» **Exercise objective**
Print the lines in the listing below starting at the line with "Doraemon>が新登場! 7月2日に河島製作所楽天市場店にて限定先行発売! デザインは全4種類、価格は税込770円です。" and ending at the line with "Health Translation Queensland", both included. Reproduce them exactly and omit every picture.

Start of Excerpted data

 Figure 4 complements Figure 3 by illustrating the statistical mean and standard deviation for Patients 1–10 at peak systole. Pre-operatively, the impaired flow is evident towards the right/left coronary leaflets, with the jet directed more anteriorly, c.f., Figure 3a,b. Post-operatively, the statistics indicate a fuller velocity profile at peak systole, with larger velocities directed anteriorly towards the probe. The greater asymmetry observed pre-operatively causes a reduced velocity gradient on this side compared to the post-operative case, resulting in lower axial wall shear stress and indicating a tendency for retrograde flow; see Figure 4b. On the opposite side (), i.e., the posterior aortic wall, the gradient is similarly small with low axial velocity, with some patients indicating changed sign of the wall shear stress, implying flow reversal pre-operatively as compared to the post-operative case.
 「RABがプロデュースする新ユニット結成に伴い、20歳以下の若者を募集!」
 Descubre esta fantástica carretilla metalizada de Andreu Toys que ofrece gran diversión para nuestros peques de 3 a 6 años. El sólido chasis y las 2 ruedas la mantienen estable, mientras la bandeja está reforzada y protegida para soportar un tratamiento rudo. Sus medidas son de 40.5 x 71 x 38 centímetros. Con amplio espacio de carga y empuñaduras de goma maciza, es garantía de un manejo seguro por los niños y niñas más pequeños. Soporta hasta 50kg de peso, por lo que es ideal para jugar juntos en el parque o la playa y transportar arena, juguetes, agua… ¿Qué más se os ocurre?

End of Excerpted data
Start of Excerpted data

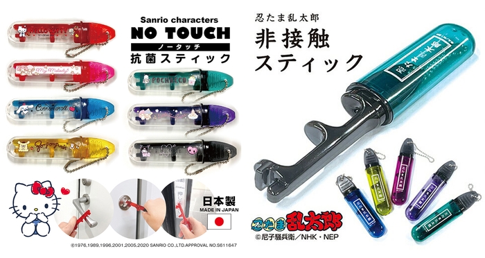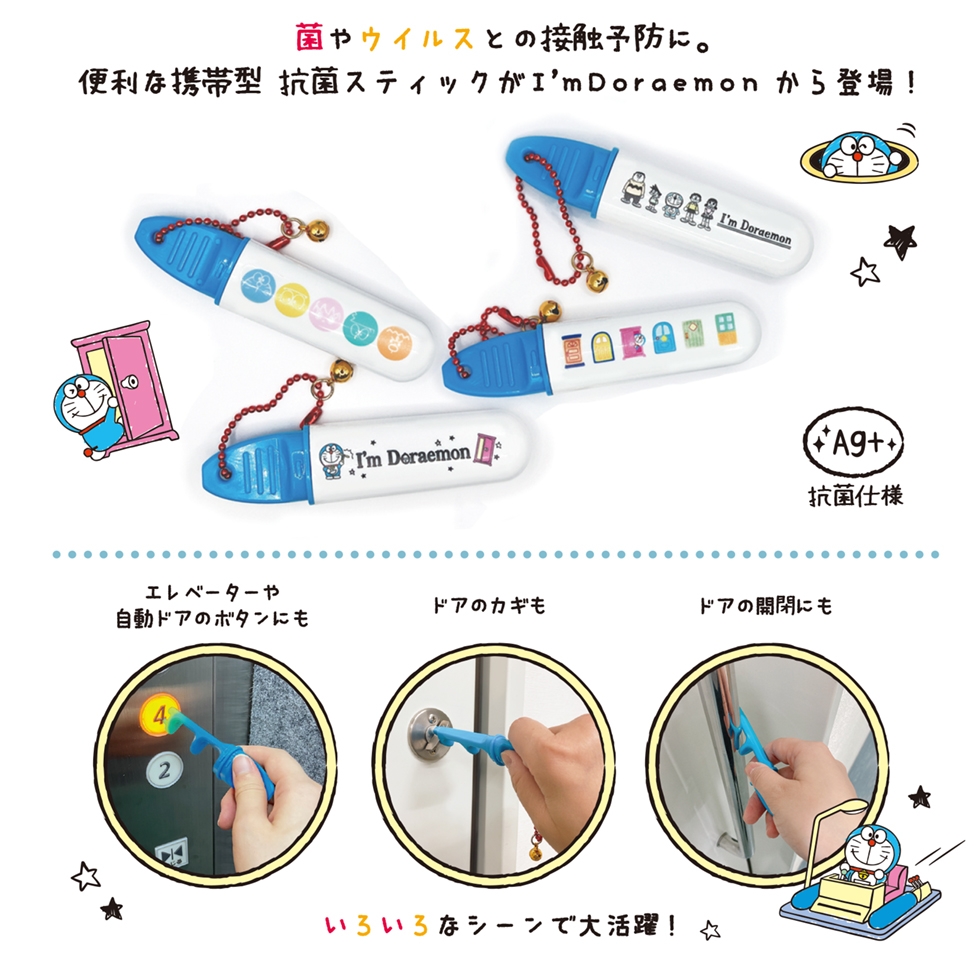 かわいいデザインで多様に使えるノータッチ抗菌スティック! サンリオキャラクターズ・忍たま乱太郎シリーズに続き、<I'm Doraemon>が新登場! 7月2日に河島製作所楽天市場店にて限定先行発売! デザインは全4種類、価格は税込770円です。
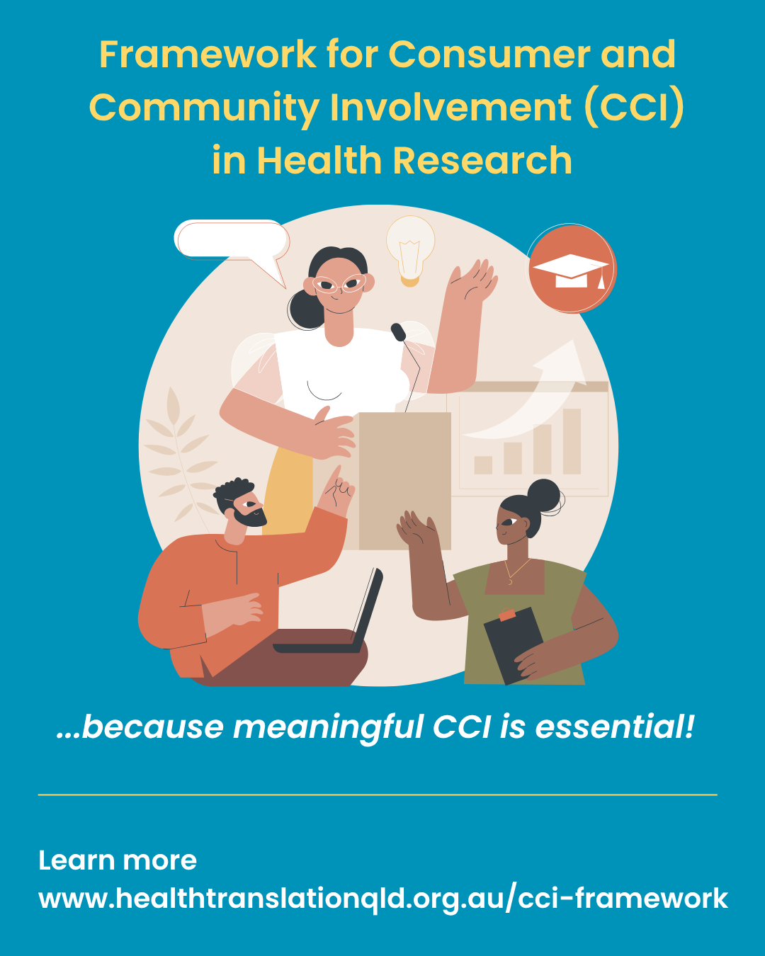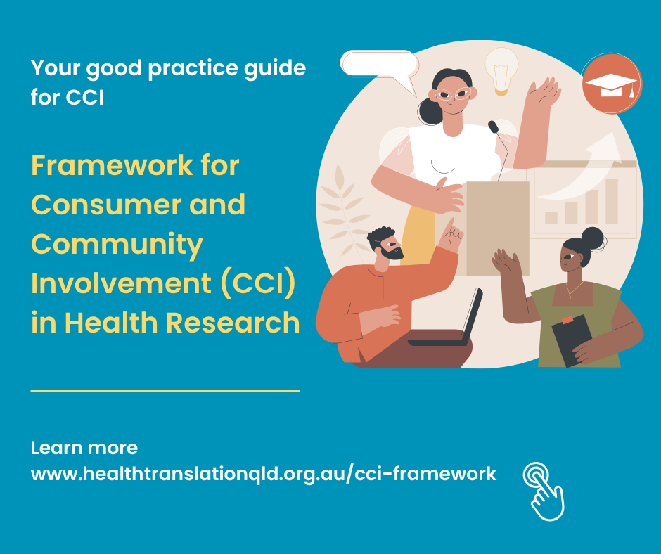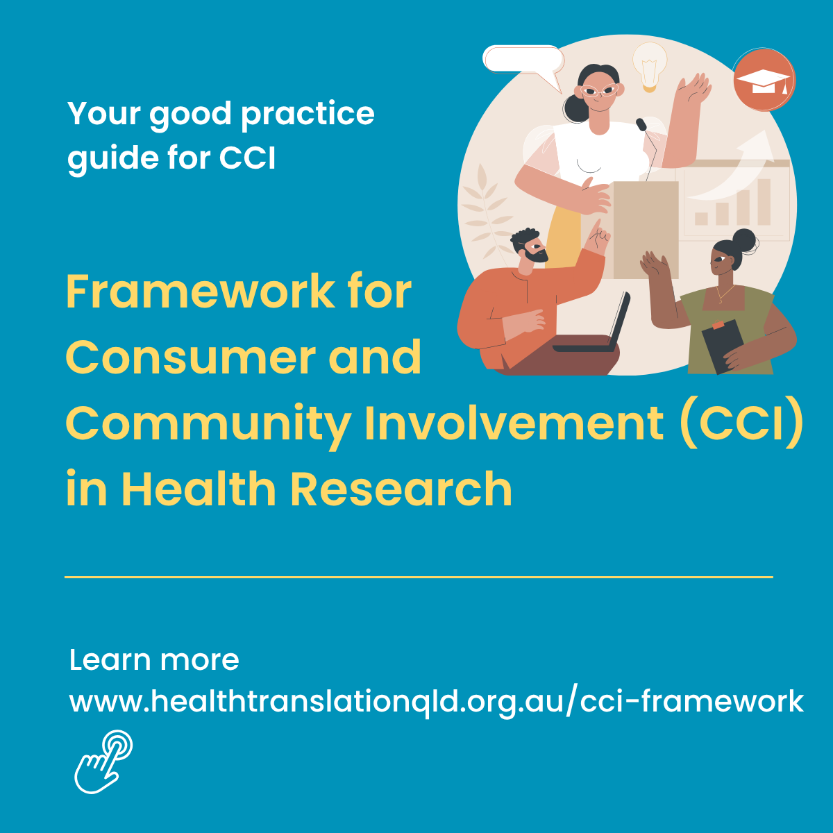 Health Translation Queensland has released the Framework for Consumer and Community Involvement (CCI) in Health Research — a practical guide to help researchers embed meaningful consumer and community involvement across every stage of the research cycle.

End of Excerpted data

» **Task response**
 かわいいデザインで多様に使えるノータッチ抗菌スティック! サンリオキャラクターズ・忍たま乱太郎シリーズに続き、<I'm Doraemon>が新登場! 7月2日に河島製作所楽天市場店にて限定先行発売! デザインは全4種類、価格は税込770円です。
 Health Translation Queensland has released the Framework for Consumer and Community Involvement (CCI) in Health Research — a practical guide to help researchers embed meaningful consumer and community involvement across every stage of the research cycle.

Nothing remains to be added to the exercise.